Zhiyuan Research Institute teamed up with Shanghai Jiao Tong University, Renmin University of China, Peking University, Beijing University of Posts and Telecommunications and other universities to bring the latest achievement of the ultra-long video understanding large model Video-XL.

It uses the native ability of language models (LLM) to compress long visual sequences, not only retaining the ability to understand short videos, but also showing excellent generalization capabilities in long video understanding.
Compared with models of the same parameter scale, Video-XL ranks first in multiple tasks on multiple mainstream long video understanding benchmarks.。
And it achieves a good balance between efficiency and performance,Only a graphics card with 80G video memory can process 2048 frames of input (sampling hour-long video), and achieve an accuracy of close to 95% in the video “needle in the haystack” task。

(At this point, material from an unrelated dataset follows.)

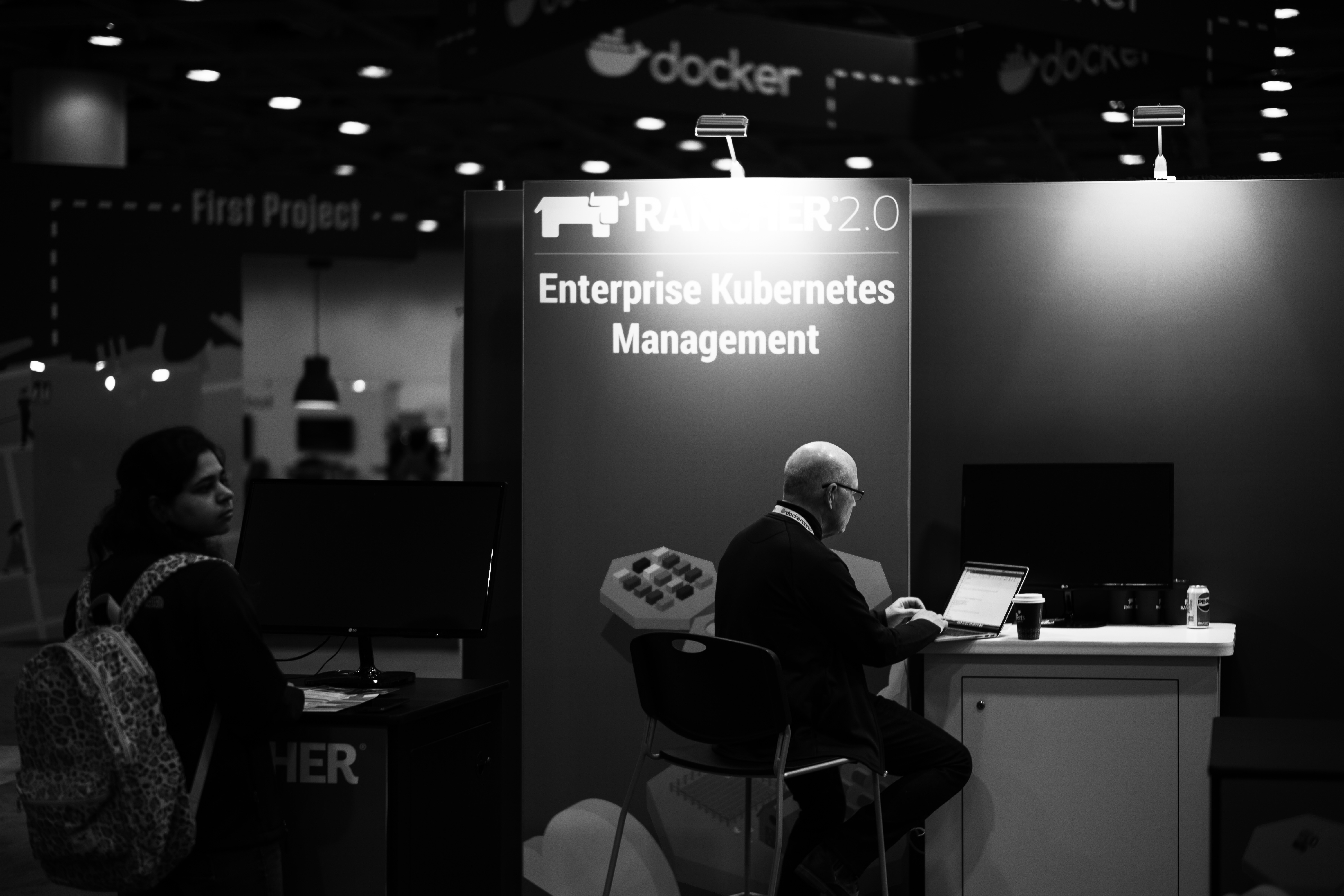 In a dimly lit expo hall, a solitary figure is immersed in technology, seated at a booth dedicated to enterprise Kubernetes management. The stark contrast between deep shadows and the bright signage creates a contemplative mood, emphasizing the individual’s concentration amidst a bustling backdrop. The monochromatic palette not only enhances the scene's solemnity but also invites reflection on the intersection of technology and human interaction.

△Figure 1: The maximum number of frames supported by different long video models on a single 80G graphics card and their performance on Video-MME
You know, long video understanding is one of the core capabilities of multi-modal large models, and it is also a key step towards general artificial intelligence (AGI).
However, existing multi-modal large models still face the dual challenges of poor performance and low efficiency when processing ultra-long videos of more than 10 minutes.
Video-XL is here for this, the model code has beenOpen source。
In the future, it is expected toMovie summarization, video anomaly detection, ad placement detectionIt has shown extensive application value in other application scenarios and has become a powerful long video understanding assistant.
Using MLLM for long video understanding has great research and application prospects. However, current video understanding models often can only handle shorter videos and cannot handle videos longer than ten minutes.
Although some long video understanding models have recently emerged in the research community, these works mainly suffer from the following problems:
Information loss caused by compressing visual tokens: In order to adapt the fixed window length of the language model to the large number of visual tokens brought by long videos, many methods try to design mechanisms to compress visual tokens. For example, LLaMA-VID mainly reduces the number of tokens, while MovieChat and MALMM design memory modules to compress frames. Information is compressed. However, compressing visual information inevitably leads to information loss and performance degradation.
Imbalance between performance and efficiency: Related work LongVA attempts to expand the context window of the finetune language model and successfully generalizes short video understanding capabilities to long videos. LongVila optimizes the cost of long video training and proposes a paradigm for efficient long video training. However, these works do not consider the computational overhead caused by the increase in the number of video frames during inference.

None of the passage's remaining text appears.